We define morning as the time between 5am and 12pm, afternoon between 12pm and 5pm, evening between 5pm and 11pm and night between 11pm and 5am.

In [14]:
#Adding morning column
statusDF = statusDF.withColumn("morning", when(col('hourofday').between(5,11),1).otherwise(0))
#Adding afternoon column
statusDF = statusDF.withColumn("afternoon", when(col('hourofday').between(12,16),1).otherwise(0))
#Adding evening column
statusDF = statusDF.withColumn("evening", when(col('hourofday').between(17,22),1).otherwise(0))
#Adding night column
statusDF = statusDF.withColumn("night", when(col('hourofday').between(23,24), 1).when(col('hourofday').between(0,4),1).otherwise(0))

In [15]:
statusDF.select('time','hourofday','morning','afternoon','evening','night').show(n=5)
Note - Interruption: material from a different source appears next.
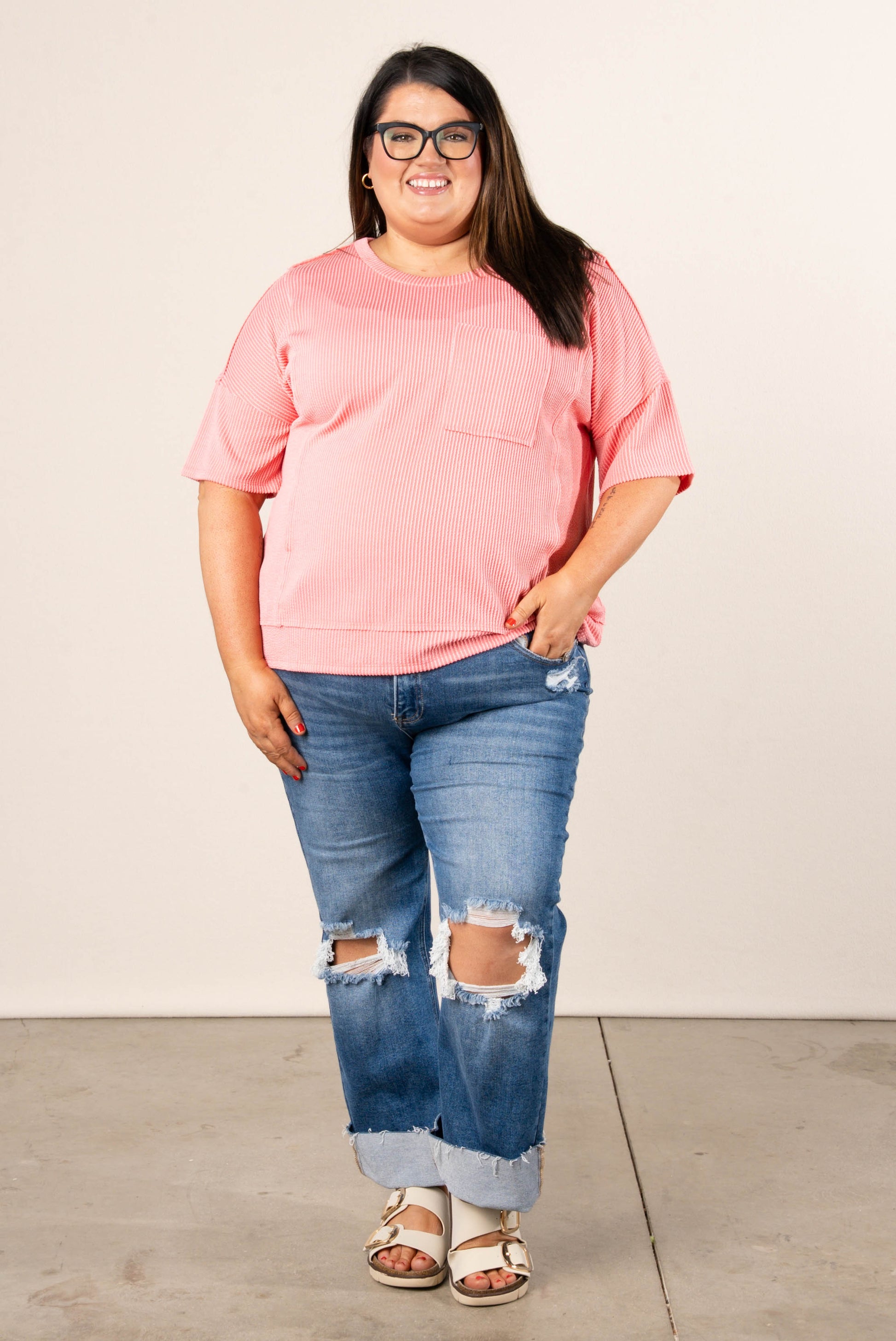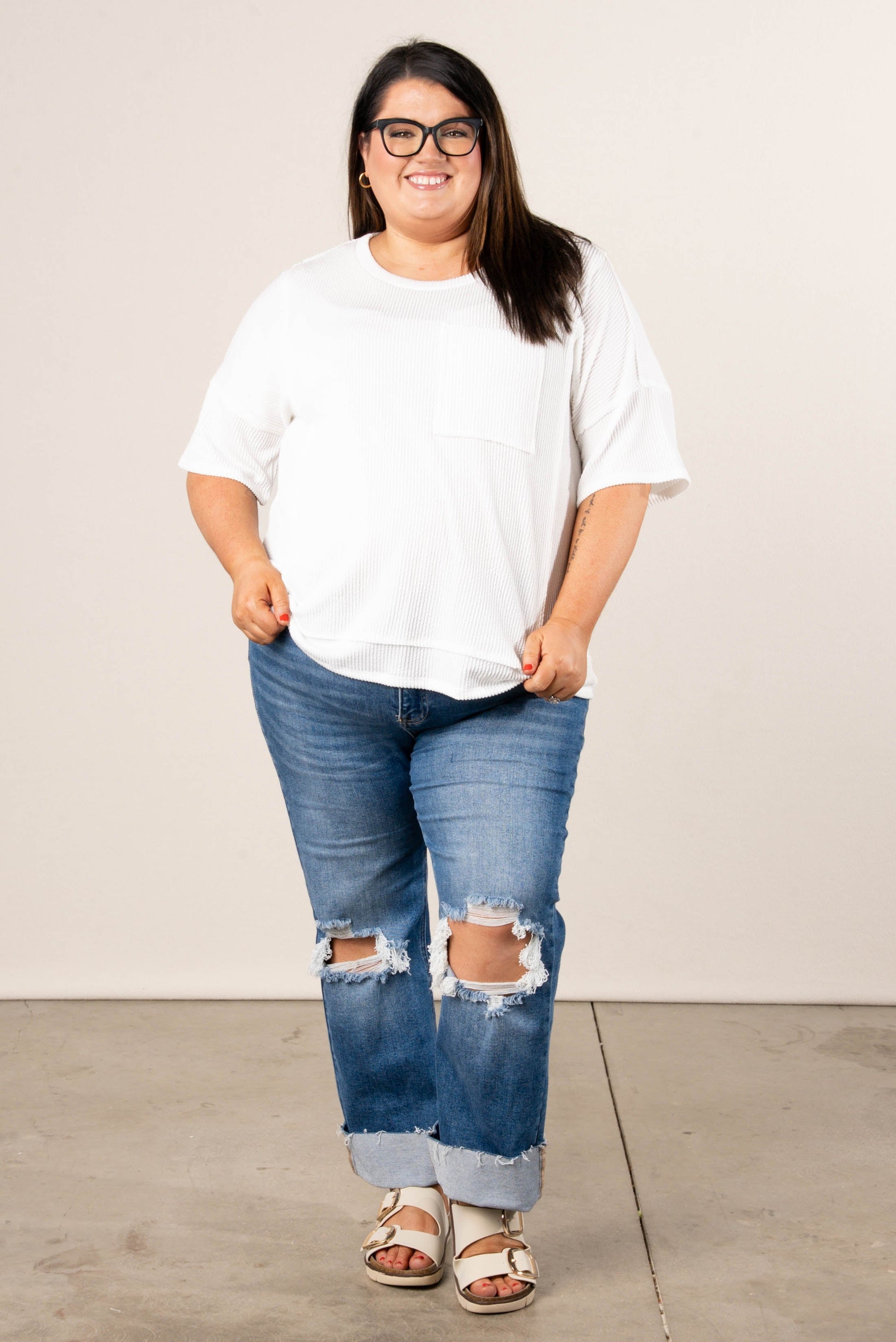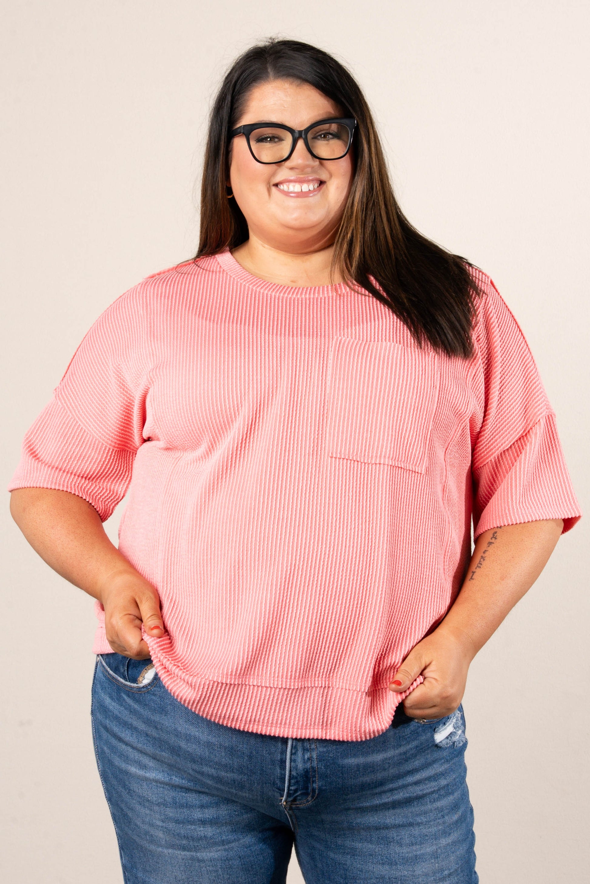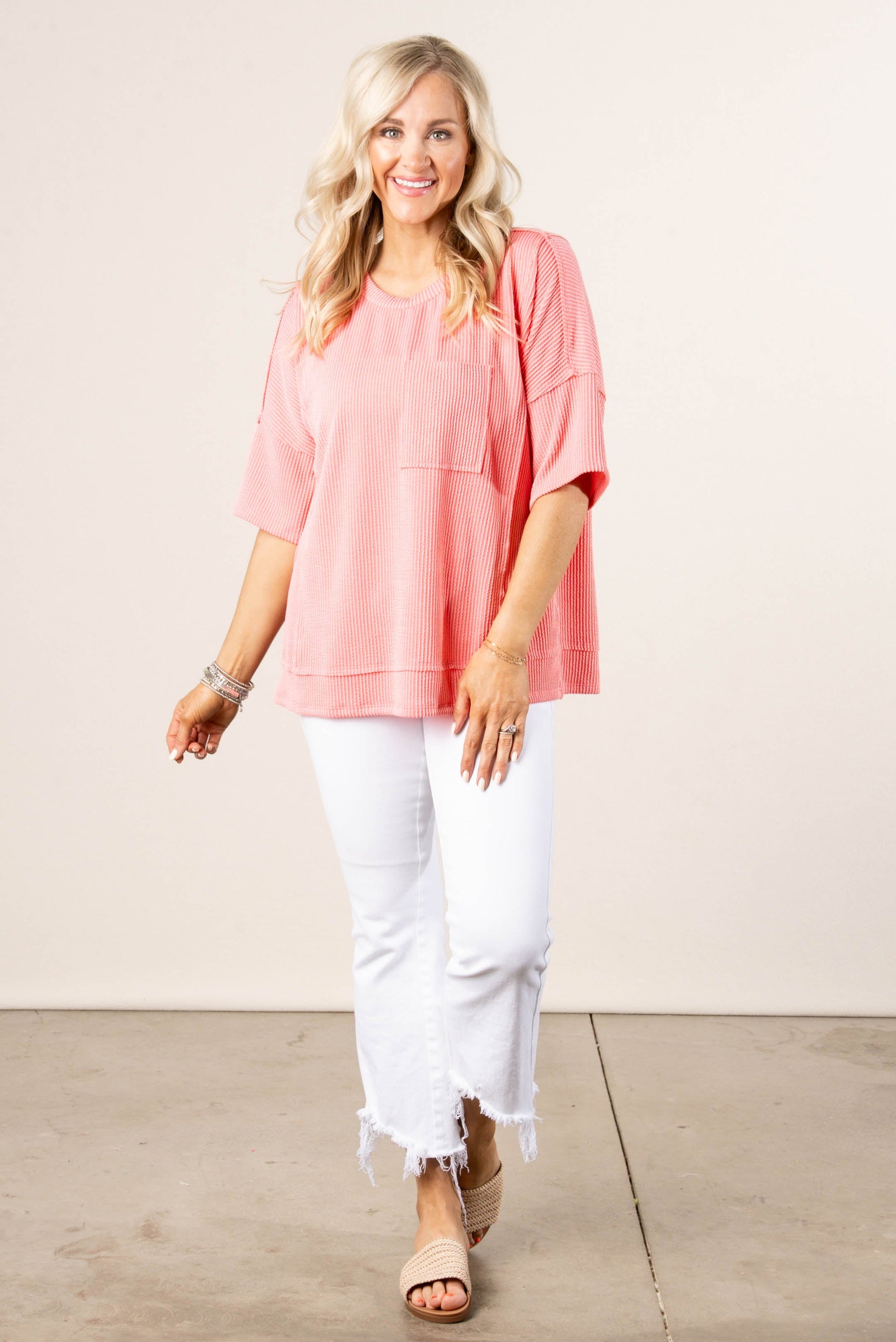 Ribbed Raw Seamed Pocket Top *Final Sale*

+-------------------+---------+-------+---------+-------+-----+
|               time|hourofday|morning|afternoon|evening|night|
+-------------------+---------+-------+---------+-------+-----+
|2013/08/29 12:06:01|       12|      0|        1|      0|    0|
|2013/08/29 12:07:01|       12|      0|        1|      0|    0|
|2013/08/29 12:08:01|       12|      0|        1|      0|    0|
|2013/08/29 12:09:01|       12|      0|        1|      0|    0|
|2013/08/29 12:10:01|       12|      0|        1|      0|    0|
+-------------------+---------+-------+---------+-------+-----+
only showing top 5 rows



#### Month

In [16]:
#Adding month column
statusDF = statusDF.withColumn('month',month(from_unixtime(unix_timestamp(statusDF["time"][0:10], 'yyyy/MM/dd'))))
# Adding year column
statusDF = statusDF.withColumn('year',year(from_unixtime(unix_timestamp(statusDF["time"][0:10], 'yyyy/MM/dd'))))

In [17]:
statusDF.select('time','month', 'year').show(n=5)

+-------------------+-----+----+
|               time|month|year|
+-------------------+-----+----+
|2013/08/29 12:06:01|    8|2013|
|2013/08/29 12:07:01|    8|2013|
|2013/08/29 12:08:01|    8|2013|
|2013/08/29 12:09:01|    8|2013|
|2013/08/29 12:10:01|    8|2013|
+-------------------+-----+----+
only showing top 5 rows



In [19]:
#Features so far
statusDF.select('station_id', 'weekend', 'weekday', 'morning', 'afternoon', 'evening', 'night', 'hourofday', 'month','year').show(n=10)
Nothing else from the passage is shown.